= WHAT THE EXERCISE ASKS =
Whichever lines of the material contain "brown", copy each of them.

┌─ TASK INPUTS

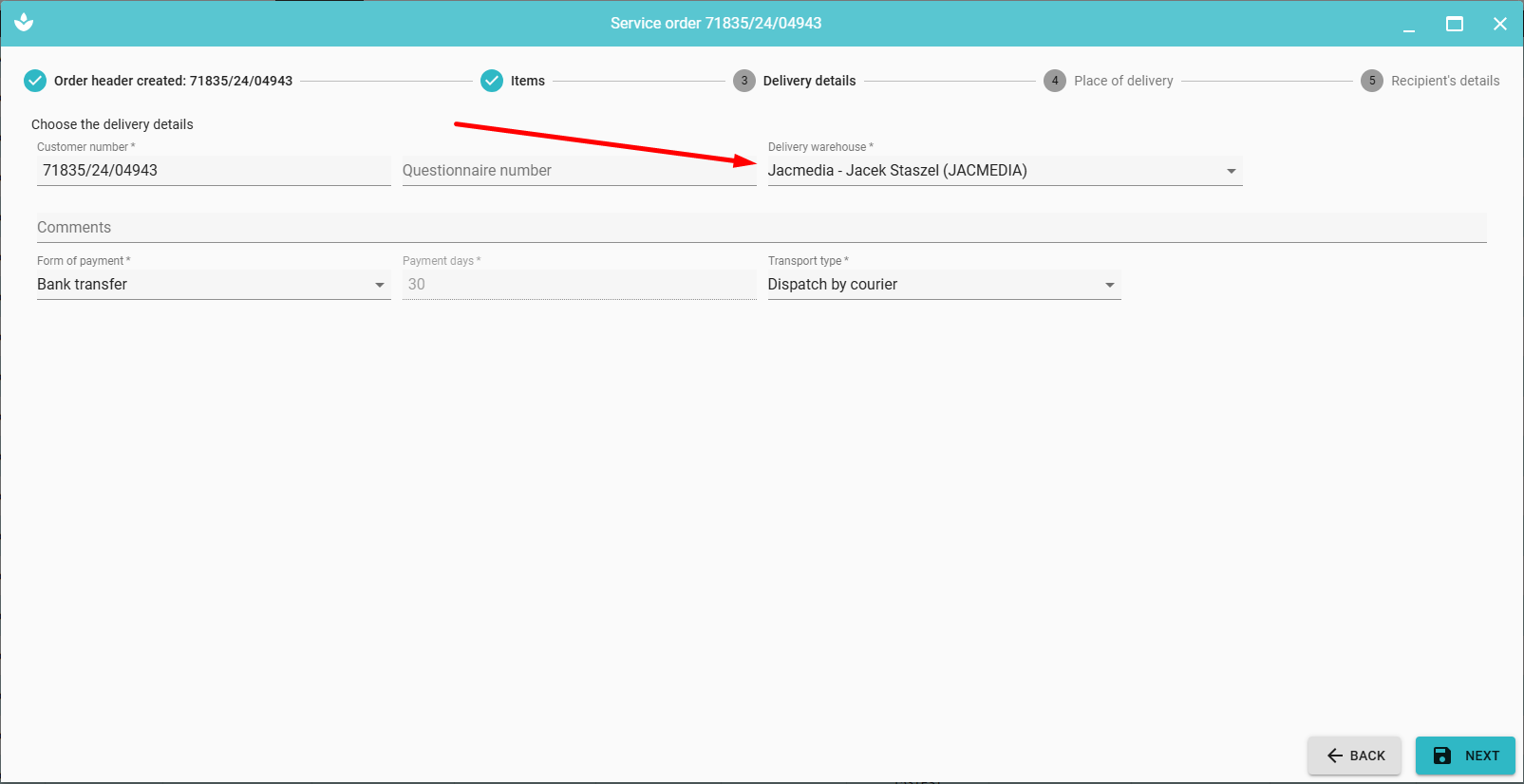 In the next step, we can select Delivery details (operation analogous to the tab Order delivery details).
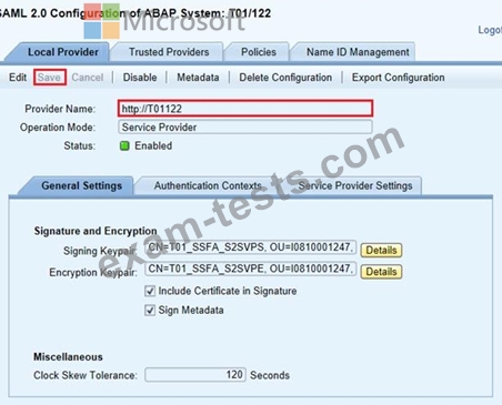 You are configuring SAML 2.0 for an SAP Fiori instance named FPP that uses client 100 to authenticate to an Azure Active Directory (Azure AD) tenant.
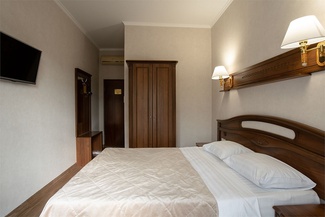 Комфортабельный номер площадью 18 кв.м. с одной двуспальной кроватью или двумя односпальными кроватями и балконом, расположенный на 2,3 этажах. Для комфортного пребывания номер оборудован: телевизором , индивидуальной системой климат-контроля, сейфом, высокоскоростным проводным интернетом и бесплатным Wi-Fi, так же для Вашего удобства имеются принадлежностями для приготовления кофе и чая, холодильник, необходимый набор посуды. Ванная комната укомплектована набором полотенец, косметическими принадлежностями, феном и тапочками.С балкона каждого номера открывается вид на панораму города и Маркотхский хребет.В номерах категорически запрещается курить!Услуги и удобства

└─
┌─ TASK INPUTS

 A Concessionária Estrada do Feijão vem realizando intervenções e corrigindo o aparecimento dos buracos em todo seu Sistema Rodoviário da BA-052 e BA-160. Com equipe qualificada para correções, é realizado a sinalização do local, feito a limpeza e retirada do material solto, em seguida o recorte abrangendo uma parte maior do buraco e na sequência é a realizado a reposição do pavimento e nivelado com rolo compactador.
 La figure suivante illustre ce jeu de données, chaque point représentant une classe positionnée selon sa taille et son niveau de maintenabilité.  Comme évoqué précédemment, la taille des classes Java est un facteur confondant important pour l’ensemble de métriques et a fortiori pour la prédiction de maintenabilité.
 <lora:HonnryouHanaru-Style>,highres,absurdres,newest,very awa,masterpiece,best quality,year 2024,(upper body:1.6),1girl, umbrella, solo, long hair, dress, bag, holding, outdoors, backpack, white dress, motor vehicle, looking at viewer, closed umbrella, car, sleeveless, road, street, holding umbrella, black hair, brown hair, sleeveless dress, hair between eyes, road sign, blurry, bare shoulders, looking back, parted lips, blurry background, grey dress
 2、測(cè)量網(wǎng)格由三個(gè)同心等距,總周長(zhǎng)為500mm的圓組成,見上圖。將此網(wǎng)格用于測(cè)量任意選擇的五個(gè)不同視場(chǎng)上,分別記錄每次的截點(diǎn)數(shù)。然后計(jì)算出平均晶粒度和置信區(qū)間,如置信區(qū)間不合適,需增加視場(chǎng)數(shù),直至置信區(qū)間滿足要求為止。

└─
┌─ TASK INPUTS

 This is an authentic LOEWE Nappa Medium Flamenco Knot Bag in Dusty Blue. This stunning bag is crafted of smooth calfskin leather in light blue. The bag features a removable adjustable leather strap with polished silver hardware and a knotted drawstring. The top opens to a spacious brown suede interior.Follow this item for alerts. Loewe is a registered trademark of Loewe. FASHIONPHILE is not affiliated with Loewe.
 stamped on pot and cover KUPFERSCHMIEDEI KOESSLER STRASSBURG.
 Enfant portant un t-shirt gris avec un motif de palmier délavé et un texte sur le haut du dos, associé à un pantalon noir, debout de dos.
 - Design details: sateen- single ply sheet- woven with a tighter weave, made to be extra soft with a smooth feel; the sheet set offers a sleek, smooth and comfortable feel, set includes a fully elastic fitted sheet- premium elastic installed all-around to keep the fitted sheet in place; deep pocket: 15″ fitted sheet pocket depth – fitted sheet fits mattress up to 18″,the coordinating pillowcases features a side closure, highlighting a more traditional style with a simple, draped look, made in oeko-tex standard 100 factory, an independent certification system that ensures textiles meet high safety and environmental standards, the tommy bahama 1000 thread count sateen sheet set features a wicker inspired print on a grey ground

└─

= YOUR SOLUTION =
 <lora:HonnryouHanaru-Style>,highres,absurdres,newest,very awa,masterpiece,best quality,year 2024,(upper body:1.6),1girl, umbrella, solo, long hair, dress, bag, holding, outdoors, backpack, white dress, motor vehicle, looking at viewer, closed umbrella, car, sleeveless, road, street, holding umbrella, black hair, brown hair, sleeveless dress, hair between eyes, road sign, blurry, bare shoulders, looking back, parted lips, blurry background, grey dress
 This is an authentic LOEWE Nappa Medium Flamenco Knot Bag in Dusty Blue. This stunning bag is crafted of smooth calfskin leather in light blue. The bag features a removable adjustable leather strap with polished silver hardware and a knotted drawstring. The top opens to a spacious brown suede interior.Follow this item for alerts. Loewe is a registered trademark of Loewe. FASHIONPHILE is not affiliated with Loewe.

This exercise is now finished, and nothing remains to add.